Supporting the Arts in Western Massachusetts and Beyond

April 29, 2021

REVIEW: Springfield Symphony Orchestra, Chamber Concert 2

Springfield Symphony Orchestra, Springfield, MA
www.springfieldsymphony.org
through May 21, 2021
by Michael J. Moran

After presenting short weekly “Homegrown” videos of themselves performing individually at home and several lecture/music education events via Zoom, SSO musicians are now offering a series of three hour-long chamber music concerts. The second one, filmed at Focus Springfield Community TV and available for on-demand streaming at the SSO web site through May 21, featured: a string quartet; two more string players; and three percussionists.

SSO Music Director Kevin Rhodes introduced each of the program’s six pieces with his usual enthusiasm, and program notes by the performers offered additional background information. The string quartet (violinists Masako Yanagita and Marsha Harbison, violist Delores Thayer, and cellist Boris Kogan) opened with an intense, heartfelt account of the “Nocturne” slow movement from Borodin’s 1881 second string quartet. This lovely music was used in the 1953 Broadway musical “Kismet” and the 2006 Disney short film “The Little Matchgirl.”  

Nathan Lassell
Percussionist Nathan Lassell next played an arrangement for marimba of “Dr. Gradus ad Parnassum” from Debussy’s 1906 solo piano suite “Children’s Corner,” producing a delicate, shimmering sound. Violinist Beth Welty and violist Noralee Walker then brought rhapsodic energy to the first movement (“Allegro”) of Mozart’s rarely heard 1783 first string duo and soulful depth to the second movement (“Adagio”). Lassell followed with an exciting set of variations for marimba by Eric Sammut on Astor Piazzolla’s 1974 “Libertango,” accompanied by Robert McEwan on cajon, a Peruvian box-shaped drum played by slapping its front.

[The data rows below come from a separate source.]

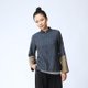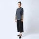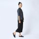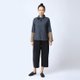 - 靛青蓝染的条纹棉麻布,经过洗水工艺, 具有非常丰富的面料表情。 会随着穿着和洗涤的时间,越来越好看。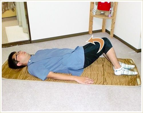 仰向けに寝て膝を立てます。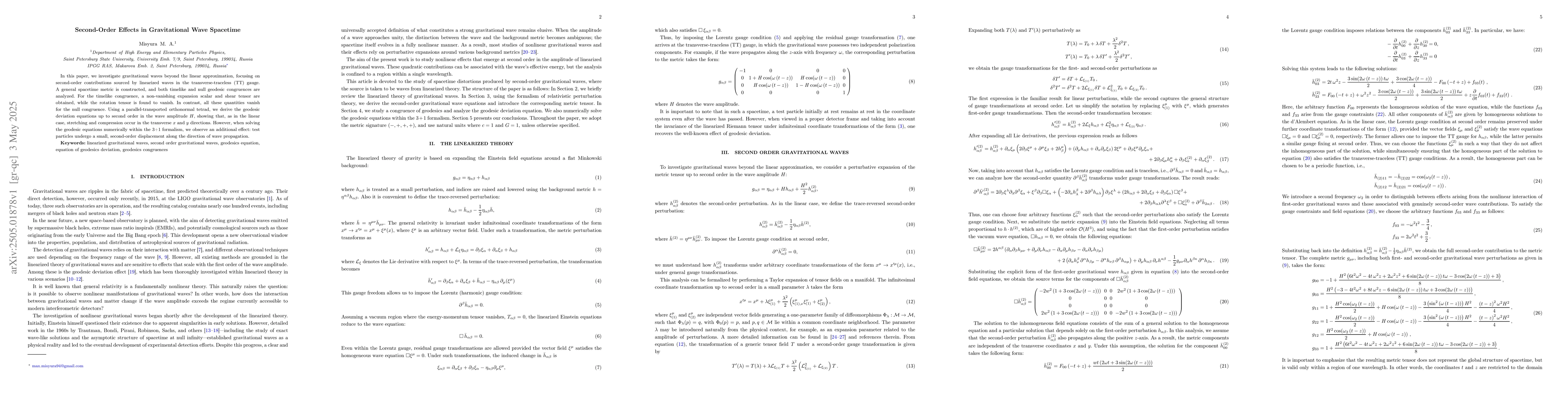 The paper presents a detailed derivation and analysis of second-order metric perturbations in general relativity, constructing a spacetime metric that includes both first- and second-order gravitational wave contributions and solving geodesic equations numerically to reveal small second-order displacements.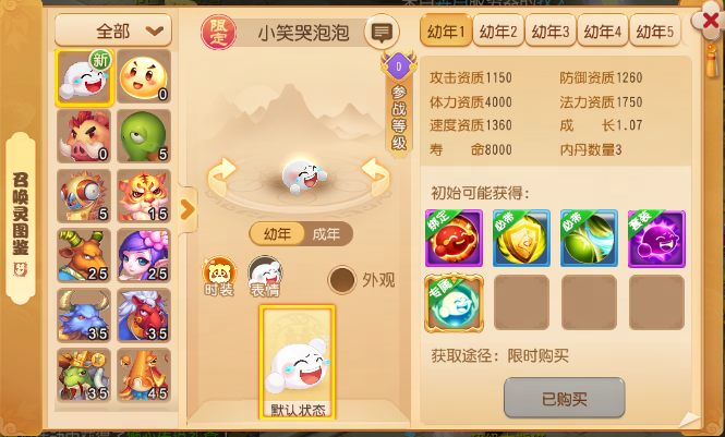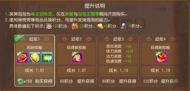 幼年期的笑哭泡泡可通过神兜兜、宝石锤、金刚石、定魂珠培养提升,每提升至下一阶段都会增加资质和成长。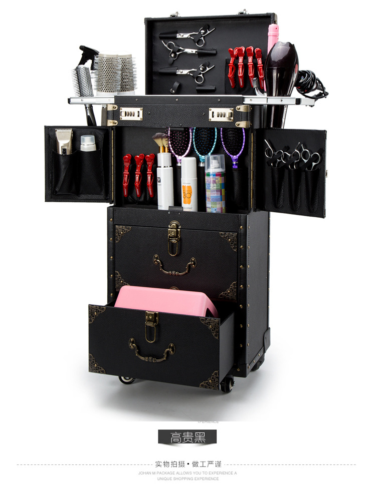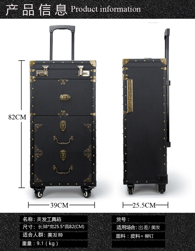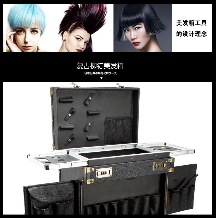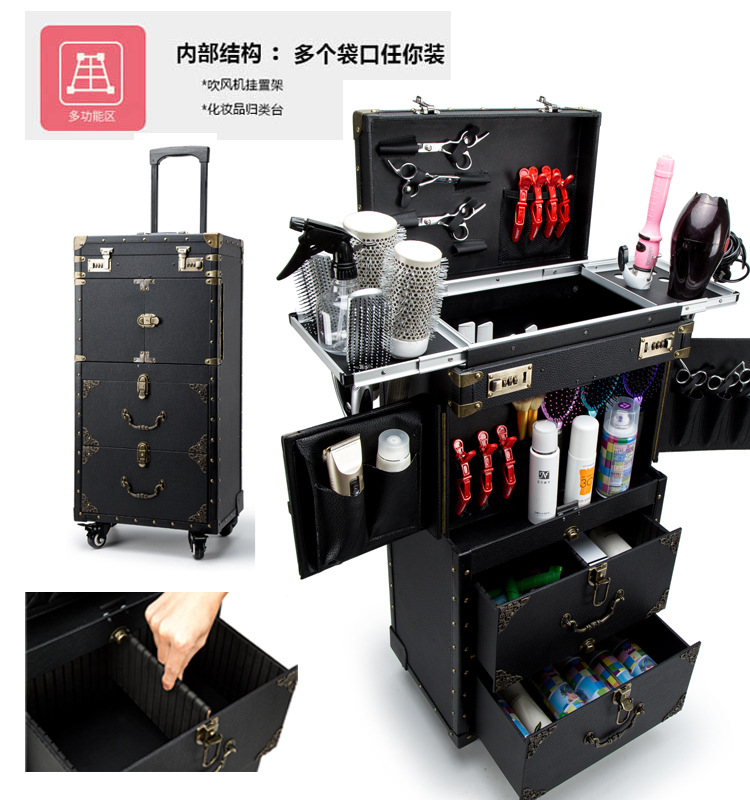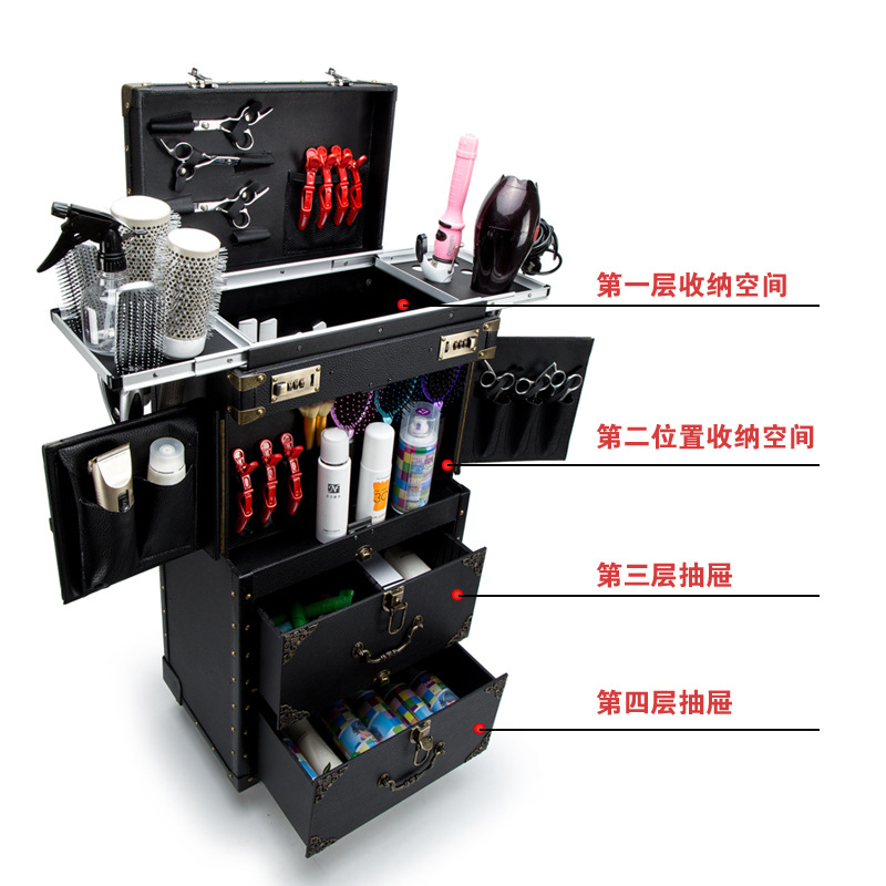 美发工具箱拉杆柳钉复古发型师美发店抽屉可拆档板工具箱朋克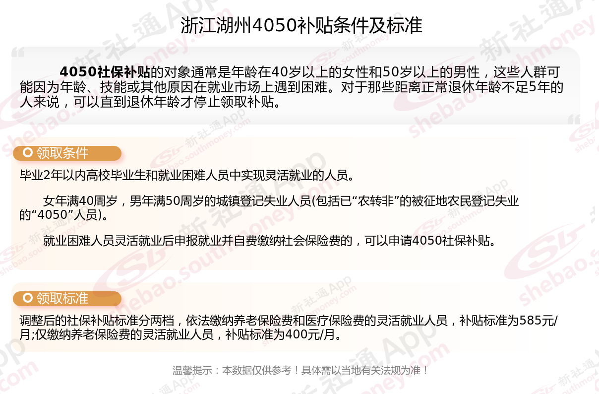 二、2025年浙江湖州4050社保补贴标准及条件,最新如下:

The string quartet returned with a dazzling performance of the dramatic last movement of Beethoven’s final string quartet, urgently following every mysterious shift of mood and tempo to its triumphant conclusion. Percussionist Martin Kluger then joined Lassell and McEwan on multiple instruments to close the concert on a raucously rhythmic note with the first movement (just as relentless as its title – “Meccanico” - sounds) of Nebojsa Jovan Zivkovic’s exhilarating 1995 “Trio Per Uno.” 

Acoustics were close and clean, while the videography nicely combined individual and group perspectives on the masked and distantly spaced players. Several top-down shots of the percussion trio were particularly revealing and entertaining.